This month, members of the American Studies Association (ASA) are voting on a resolution, which has already been endorsed unanimously by its National Council, that represents the left-wing tradition of “solidarity” in a most dubious form. It proposes “to honor the call of Palestinian civil society for a boycott of Israeli academic institutions.” The ASA Council does not claim its academic counterparts in Israel either helped create the policies of the Netanyahu government or even that most Israeli professors and students support them. The American leftists insist they mean only to target institutions that allegedly “are a party to Israeli state policies that violate human rights and negatively impact the working conditions of Palestinian scholars and students.”

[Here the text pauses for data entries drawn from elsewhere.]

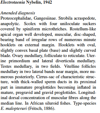 Type Species Electrotaenia malopteruri (Fritsch, 1886) Nybelin, 1942
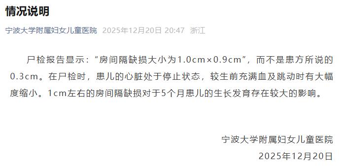 12月20日20时47分,“宁波大学附属妇女儿童医院”公众微信发布声明:尸检报告显示:“房间隔缺损尺寸为1.0厘米×0.9厘米”,并非患者所说的0.3厘米。尸检时,孩子的心脏已经停止跳动,而且比死前充满血液、搏动时的心脏要小。 1cm左右的房间隔缺损对5个月大的孩子的生长发育影响很大。此后不久,医院删除了上述声明。
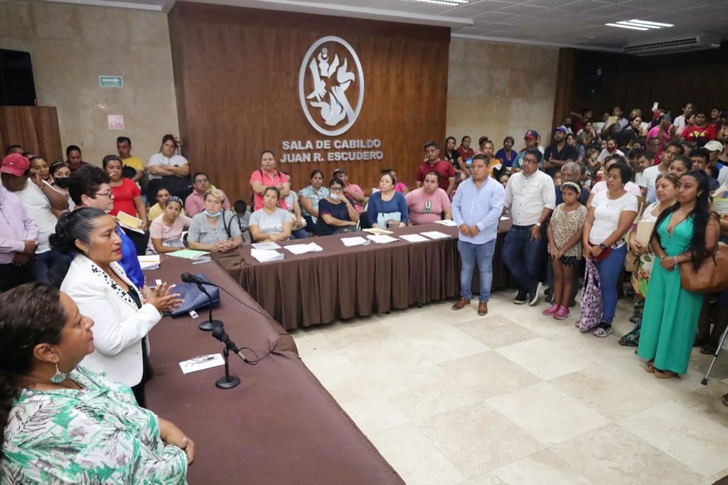 En la sala de Cabildo Juan R. Escudero del Ayuntamiento, en grupos de 20, las y los comerciantes se acercaron a las autoridades para recibir un apoyo económico y una despensa.
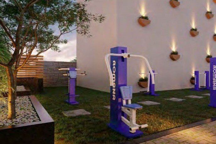 Sun-filled open-air gymnasium for refreshing outdoor workout sessions.
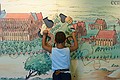 Eerst hebben we de St Nikolaaskerk bekeken. Het duurde even voordat we door hadden dat de hele kerk na WO I geheel opnieuw is opgebouwd. Dat hebben ze mooi gedaan. Jozef was helemaal onder de indruk van St Joris en de draak, helaas is de foto mislukt.
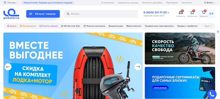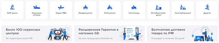 Работающая с 2009 года компания Глобал Драйв прекрасно знает, что вам нужно для активного отдыха, и предоставляет качественную технику от ведущих производителей с гарантией. Вы можете подобрать здесь и моторную лодку, и квадроцикл, и снегоход! Главный плюс официального интернет-магазина в том, что вы можете найти отличные товары по сниженным ценам или получить весомую скидку, если воспользуетесь промокодом с нашего ресурса. Не забывайте заглядывать к нам, чтобы найти нужную акцию!
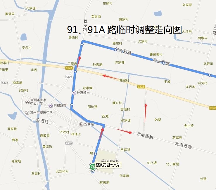 91、91A路:由新魏花園公交站始發(fā),按原線路行駛至虎丘路北海路路口后,調(diào)整行駛北海路、薛冶路、S122至魏安路路口后恢復(fù)原線路行駛。臨時撤銷北海路(虎丘路—振興路)、振興路(北海路—S122)行駛路段,同步撤銷“振興橋、三里橋”雙向??空?,調(diào)整行駛路段增設(shè)“虎丘路北海路、北海路獅山路、三里橋北”雙向臨時??空?。
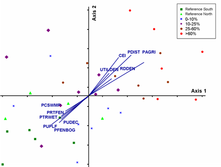 Since agricultural conversion results in the greatest habitat loss relative to other disturbances, I predicted that it would also result in the greatest change in community composition. An NMS that included all 75 blocks in one analysis supported this prediction, but was visually difficult to interpret for all disturbances combined. I therefore conducted two separate NMS analyses, one using only sites along an agricultural gradient and another for sites along an industrial gradient. A total of 85% of the variance in species composition among blocks was represented by the ordination diagram resulting from the agricultural analysis (Fig. 3). Subsequent overlays of environmental variables illustrate that birds are responding to a loss of native vegetative cover including a decrease in cover of upland forest and treed wetlands (Fig. 3a). While a description of the response of individual species to each disturbance gradient is beyond the scope of this paper, species in agriculture-dominated sites tended to be generalists and early successional species (Fig. 3b). Species dependent on tree cover (e.g., cavity nesting ducks, Winter Wren) occurred at the opposite end of the gradient.
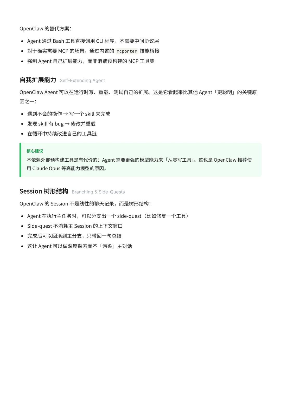 设计哲学:继承 Unix 小工具、可组合、文本流理念,极简设计仅保留 4 个核心工具,拒绝 MCP 协议转而用 CLI 实现可扩展性,Agent 支持运行时自我扩展能力,会话采用树形结构支持分支探索,代码规模约 43 万行 TypeScript,运行内存约 1GB,启动快且可 24/7 运行。
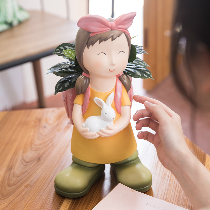 可爱背包女孩摆件j家居客厅电视柜装饰儿童房卧室桌面少女心小摆
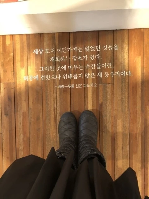 책의 페이지라던가 전시장 바닥에 글귀 시공한 사진 올리면
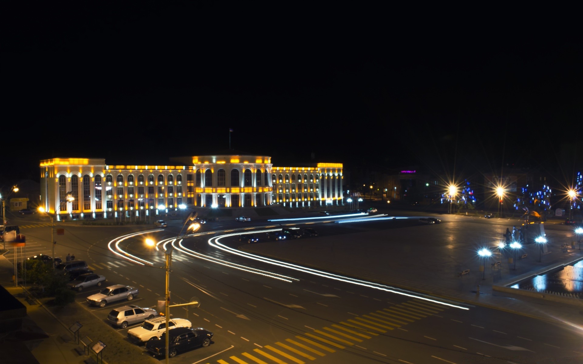 Paisagem noturna dinâmica com arranha-céus e rodovias
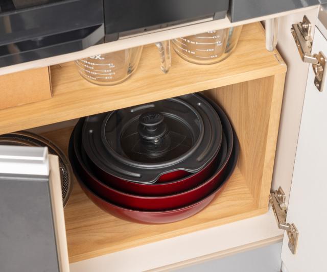 ハンドルを外して重ねることができるので、限られたスペースにもコンパクトに収納できます。
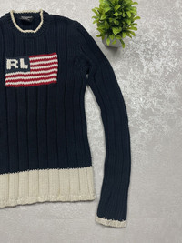 Polo Ralph Lauren - 🇺🇸Vintage 90s Ralph Lauren USA Flag Cable Knit Sweater

The resolution is enrobed in the familiar rhetoric of self-righteousness. The ASA, it trumpets, “is committed to the pursuit of social justice, to the struggle against all forms of racism, including anti-Semitism, discrimination, and xenophobia, and to solidarity with aggrieved peoples in the United States and in the world.” Yet the text does not explain how the boycott might help aggrieved Palestinians, whether in or outside Israeli universities. Its only real purpose is to strike a moral stance at a time when strong opposition to the Israeli occupation has become the anti-imperialist cause of a large segment of the Western left. The resolution, admits Matthew Frye Jacobson, a past president of the group and a professor at Yale who endorses it, just “bars the ASA as an organization from entering into partnerships with Israeli institutions… Not that there’s a whole lot of that that has ever gone on anyway, so in that sense it’s symbolic.”

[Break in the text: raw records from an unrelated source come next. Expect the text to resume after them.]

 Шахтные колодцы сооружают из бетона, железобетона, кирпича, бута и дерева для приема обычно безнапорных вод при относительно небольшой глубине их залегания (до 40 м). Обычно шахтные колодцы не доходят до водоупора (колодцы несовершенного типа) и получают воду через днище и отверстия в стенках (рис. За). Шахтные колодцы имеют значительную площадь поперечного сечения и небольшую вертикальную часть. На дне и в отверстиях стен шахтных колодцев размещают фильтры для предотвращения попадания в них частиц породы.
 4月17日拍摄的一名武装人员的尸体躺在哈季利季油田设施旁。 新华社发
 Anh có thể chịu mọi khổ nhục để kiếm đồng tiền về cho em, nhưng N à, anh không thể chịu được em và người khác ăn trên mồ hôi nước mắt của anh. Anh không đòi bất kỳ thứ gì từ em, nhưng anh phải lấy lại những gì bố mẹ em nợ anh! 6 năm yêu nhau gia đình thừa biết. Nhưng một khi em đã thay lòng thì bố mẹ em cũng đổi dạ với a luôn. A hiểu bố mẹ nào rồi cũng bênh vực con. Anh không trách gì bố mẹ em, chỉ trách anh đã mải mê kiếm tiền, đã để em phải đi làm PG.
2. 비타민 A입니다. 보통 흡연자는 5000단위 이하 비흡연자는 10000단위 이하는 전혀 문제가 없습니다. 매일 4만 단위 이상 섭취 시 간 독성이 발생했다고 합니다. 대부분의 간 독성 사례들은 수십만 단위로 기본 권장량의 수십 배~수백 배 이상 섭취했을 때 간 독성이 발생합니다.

As many critics point out, to single out Israeli universities for violating human rights is transparently myopic. Chinese universities are also “a party” to the policies of their government, which has forcibly relocated many Tibetans from their homes and demonizes their religion—and fires professors who criticize the rule of the Communist Party. Russian universities promote and enforce the Putin government’s vile laws against gays and lesbians. But scholars of American history and culture routinely speak at academic institutions in both countries and invite their counterparts to visit theirs. By the same logic, one might call on ASA members who despise the national security state yet work for universities that get grants from or allow recruiting by the Defense Department, the CIA, or the NSA to boycott themselves.
Even if most of the 5,000 members of the American Studies Association endorse the boycott resolution, they are quite unlikely to change anyone’s mind or, for that matter, Israeli policy. Instead, the resolution has embroiled the ASA in an entirely predictable cyberstorm, as charges of “Jew-hating” and “Zionist apartheid” befoul the Internet. Supporters salute the “courage” of their comrades, while many academics who reject the boycott—including eight past presidents of the organization—may never take the ASA seriously again.
At the same time, a larger and more practical academic left has been organizing at hundreds of colleges to decrease economic inequality at home. With little notice outside their own campuses, the members of this populist left have been seeking, and sometimes winning small but meaningful improvements in the lives of workers and the poor.
Such groups as United Students Against Sweatshops (USAS) gather support for better pay and unions for adjunct professors, who are now half or more of the faculty members at many schools. They also advocate a living wage for all campus employees and take part in minimum wage campaigns in the cities where they live and study. In late November, an affiliate of USAS convinced the University of Pennsylvania to guarantee that all branded garments made in Bangladesh would be manufactured according to strict new safety standards. It took months of teach-ins, vigils, and class discussions to win that victory.
Nearly everywhere, young leftists and their faculty allies demand cuts in student debt for themselves and for future generations of students. We “are forced,” writes one activist group, “into low-wage jobs in order to immediately start making payments back to banks and lenders; instead of stimulating the economy by spending millions of dollars, students and graduates are pinching pennies to just try to keep up with the interest on their loans.” It’s a classic example of a self-interested demand that would also benefit society as a whole.
While there is nothing flashy about this kind of politics, its proponents are just as passionate about their cause as are the anti-Israel boycotters of the ASA. But, unlike the latter, who have bitterly divided their own small organization, they belong to a growing domestic movement that surfaced with Occupy and includes millions of unionists and left-wing Democrats. This surge made Elizabeth Warren a national figure and helped pull Obama to the left on issues like the minimum wage and led him to attack, in a recent speech, “this trend towards growing inequality” which “challenges the very essence of who we are as a people.”
Twenty years ago, the social theorist Michael Walzer made an argument that helps explain the difference between the populist left and the boycott left. The most useful thinkers, he wrote, are “connected critics.” They “challenge the leaders, the conventions, the ritual practices of a particular society ... in the name of values recognized and shared in that same society.” The ASA sympathizes with the just grievances of Palestinians by telling American humanists they should cut off all official contact with fellow humanists who, taken together, are more opposed to the occupation than are most Israelis. In contrast, pro-labor academics seek to apply the shared creed of “equal opportunity” to serious problems a majority of Americans know have existed for too long. One left talks about something it calls “American Studies”; the other actually practices it.
Michael Kazin’s most recent book is American Dreamers: How the Left Changed a Nation. He teaches at Georgetown University and is editor of Dissent.